◆ Instructions to follow: Without the images, repeat every line of the listing verbatim.
━━━━━ Stored data
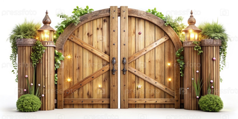 Очаровательные деревянные ворота, украшенные зеленью и фонарями в коттеджной обстановке
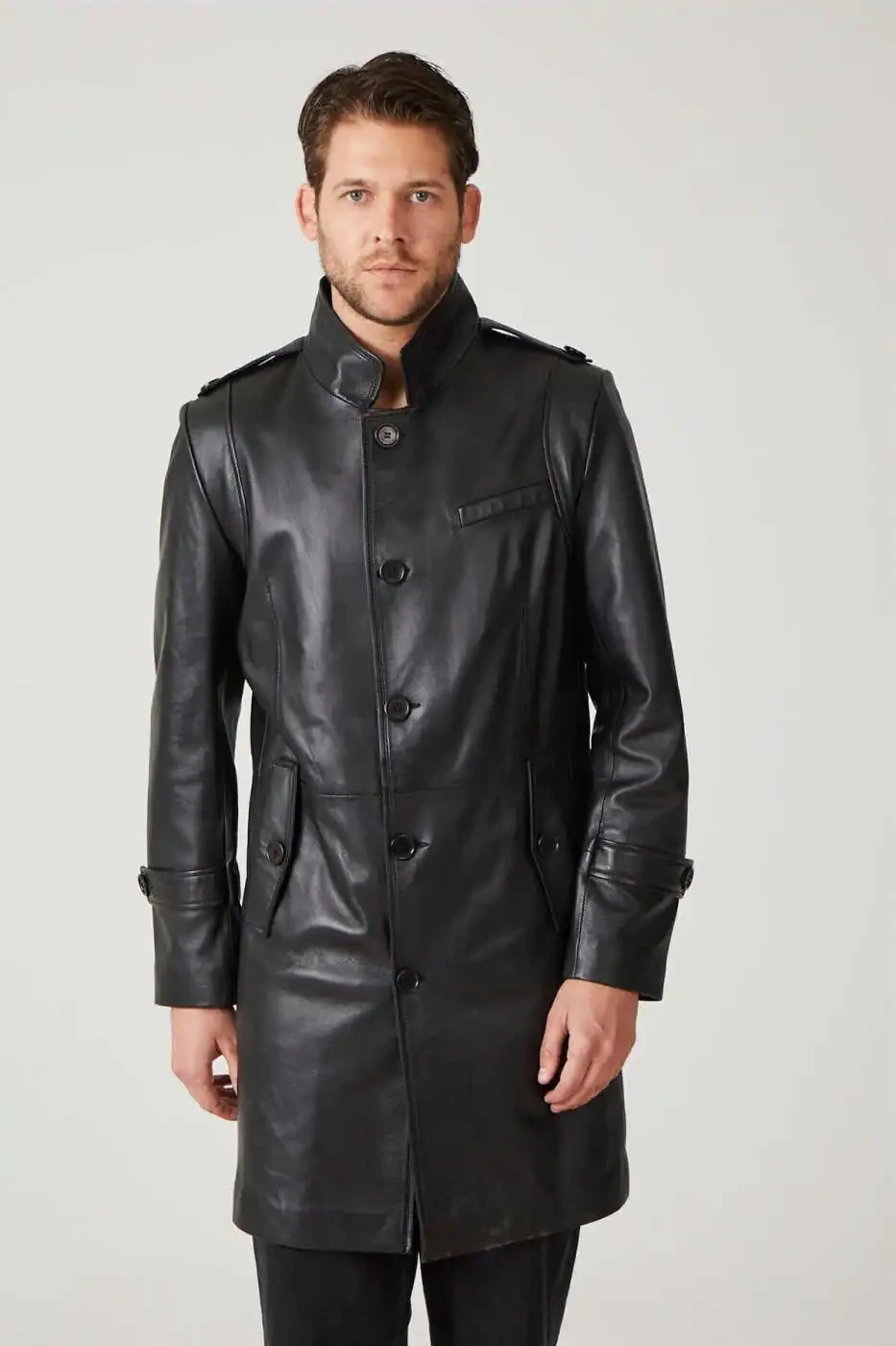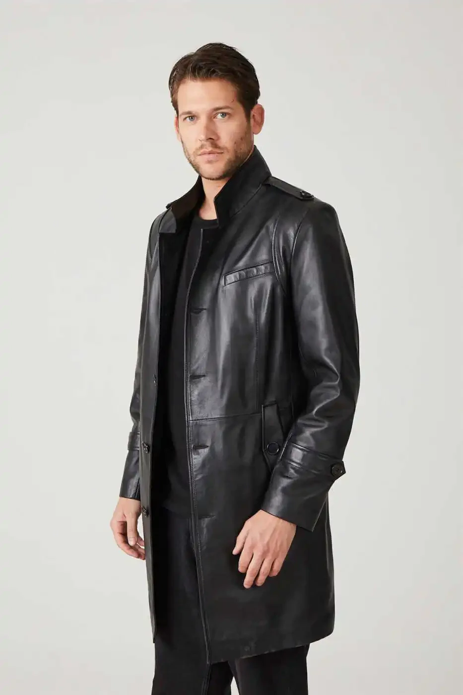 Qora Darryl erkaklar uchun tugmali, astarli, epoleti, yirtiq, turuvchi yoqa, tor kesimli haqiqiy charm paltosi o'zingizga yoki yaqinlaringizga nafis va sifatli sovg'a sifatida ham tanlanishi mumkin.
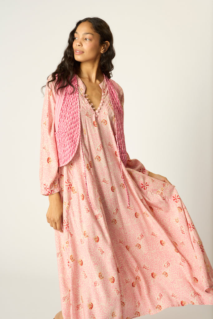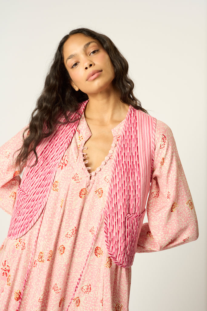 Thinly quilted reversible vest with tie detailing at the front. The perfect weight for any season, the Felicity makes outfitting easy and looks just as great layered over your favorite NM dress or easy white top as it does on its own.
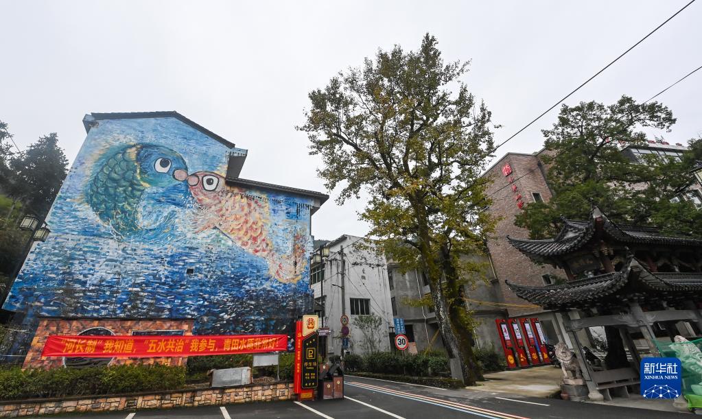 11月24日在浙江省麗水市青田縣小舟山鄉小舟山村拍攝的農民畫(huà)墻繪。
━━━━━━━━━━
◆ Exercise output:
 Очаровательные деревянные ворота, украшенные зеленью и фонарями в коттеджной обстановке
 Qora Darryl erkaklar uchun tugmali, astarli, epoleti, yirtiq, turuvchi yoqa, tor kesimli haqiqiy charm paltosi o'zingizga yoki yaqinlaringizga nafis va sifatli sovg'a sifatida ham tanlanishi mumkin.
 Thinly quilted reversible vest with tie detailing at the front. The perfect weight for any season, the Felicity makes outfitting easy and looks just as great layered over your favorite NM dress or easy white top as it does on its own.
 11月24日在浙江省麗水市青田縣小舟山鄉小舟山村拍攝的農民畫(huà)墻繪。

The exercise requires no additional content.